The mother of a young rider who died in a car accident is urging people to talk about organ donation as a change to the law in England was given the go-ahead by parliament.
Keira Ball, who was nine years old when she died in 2017 saved the lives of four people by donating her organs — two adults and two children.
On Tuesday (26 February), Max and Keira’s Law — named after Keira and 10-year-old Max Johnson who received her heart — cleared the final parliamentary hurdle. The bill has now fully passed through the House of Commons and the House of Lords, with the final stage being royal assent.
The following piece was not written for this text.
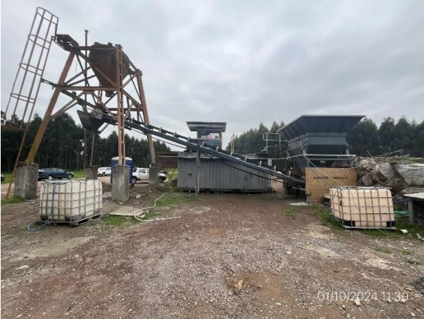
Foto 12.2-1, P04. Planta de hormigón. Padrón N° 10301 de la 4ª. SC de Treinta y Tres, planta industrial de CIMSA.

This means that from 2020 the law in England will change from an “opt-in” system, to presumed consent.
“She had a real love for her ponies — it was a passion, she loved horses,” Loanna Ball told H&H.
“Organ donation is such an important subject, I don’t think it can be spoken about enough. [The outcome on Tuesday] was absolutely brilliant, although 2020 is still so far away.”
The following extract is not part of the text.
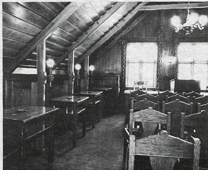
Badstofa og fundarherbergi Iðnaðarmannafélagsins í gömlu Iðná. Það hús er nú í eigu Reykjavíkurborgar, en badstofunni halda félagsmenn. Það hefur ekki væst um fundargesti í þessari stofu, sem er haglega gerð af Rikharði Jónssyni. Smíði badstofunnar var lokið árið 1926.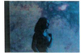
Sánta Kristóf | Mysite (kollektivzenemuhely.com)

Families of the deceased will still have the final say, even if a person has expressly requested their organs are donated, which is referred to as a “soft opt-out”.
Mrs Ball said she would like to see the law develop to move away from the family being able to make the decision if a person has said they want their organs to go to others.
“It is so hard, your say should be enough,” she said, adding that education and more open discussion is the way forward.
“For now this is a massive step in the right direction.
“The problem is death is such a taboo subject and because organ donation comes after that it is something that is often never discussed.”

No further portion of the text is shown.